Stolte Nore, Yu Junting, Chen Zixin, Sverjensky Dimitri A, Pan Ding
Department of Physics, Hong Kong University of Science and Technology, Clear Water Bay, Kowloon, Hong Kong, China.
Department of Chemistry, Hong Kong University of Science and Technology, Clear Water Bay, Kowloon, Hong Kong, China.
J Phys Chem Lett. 2021 May 6;12(17):4292-4298. doi: 10.1021/acs.jpclett.1c00563. Epub 2021 Apr 30.

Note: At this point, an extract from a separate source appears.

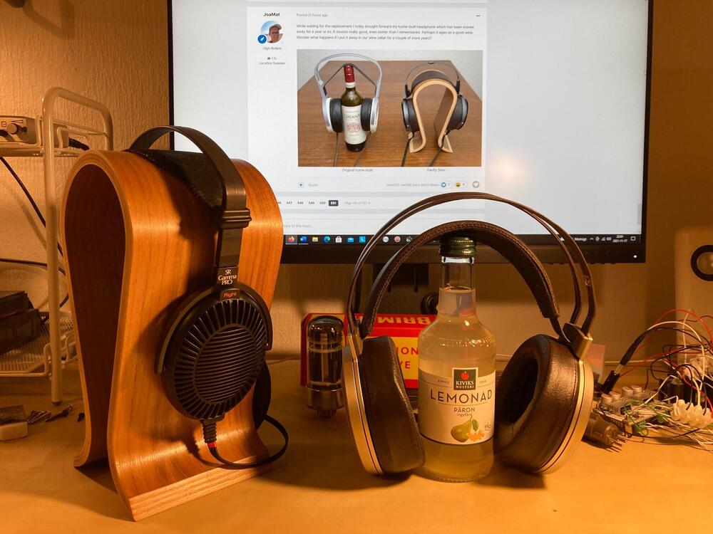 A listen now and then might be advantageous. Aren't the bottles supposed to be turned every year or so? About to replace the cable of the 007 when I've got the Carbon together. Gamma will do service meanwhile. Thinking of moving the drivers to a SR-X MkIII, but don't know if it's worth the effort. On-ear not so comfortable. If the Carbon fulfills expectations the headphone to the right behind may be the next step.

The water-gas shift reaction is one of the most important reactions in industrial hydrogen production and plays a key role in Fischer-Tropsch-type synthesis, which is widely believed to generate hydrocarbons in the deep carbon cycle but is little known at extreme pressure-temperature conditions found in the Earth's upper mantle. Here, we performed extensive ab initio molecular dynamics simulations and free energy calculations to study the water-gas shift reaction. We found the direct formation of formic acid from CO and supercritical water at 10-13 GPa and 1400 K without any catalyst. Contrary to the common assumption that formic acid or formate is an intermediate product, we found that HCOOH is thermodynamically more stable than the products of the water-gas shift reaction above 3 GPa and at 1000-1400 K. Our study suggests that the water-gas shift reaction may not happen in the Earth's upper mantle, and formic acid or formate may be an important carbon carrier in reducing environments, participating in many geochemical processes in deep Earth.
水煤气变换反应是工业制氢中最重要的反应之一,在费托合成中起着关键作用。人们普遍认为费托合成在深部碳循环中生成碳氢化合物,但在地球上地幔发现的极端压力 - 温度条件下却鲜为人知。在此,我们进行了广泛的从头算分子动力学模拟和自由能计算来研究水煤气变换反应。我们发现,在10 - 13吉帕和1400 K的条件下,一氧化碳和超临界水在无任何催化剂的情况下直接生成甲酸。与甲酸或甲酸盐是中间产物这一常见假设相反,我们发现,在3吉帕以上和1000 - 1400 K时,甲酸在热力学上比水煤气变换反应的产物更稳定。我们的研究表明,水煤气变换反应可能不会发生在地球上地幔中,并且甲酸或甲酸盐可能是还原环境中一种重要的碳载体,参与地球深部的许多地球化学过程。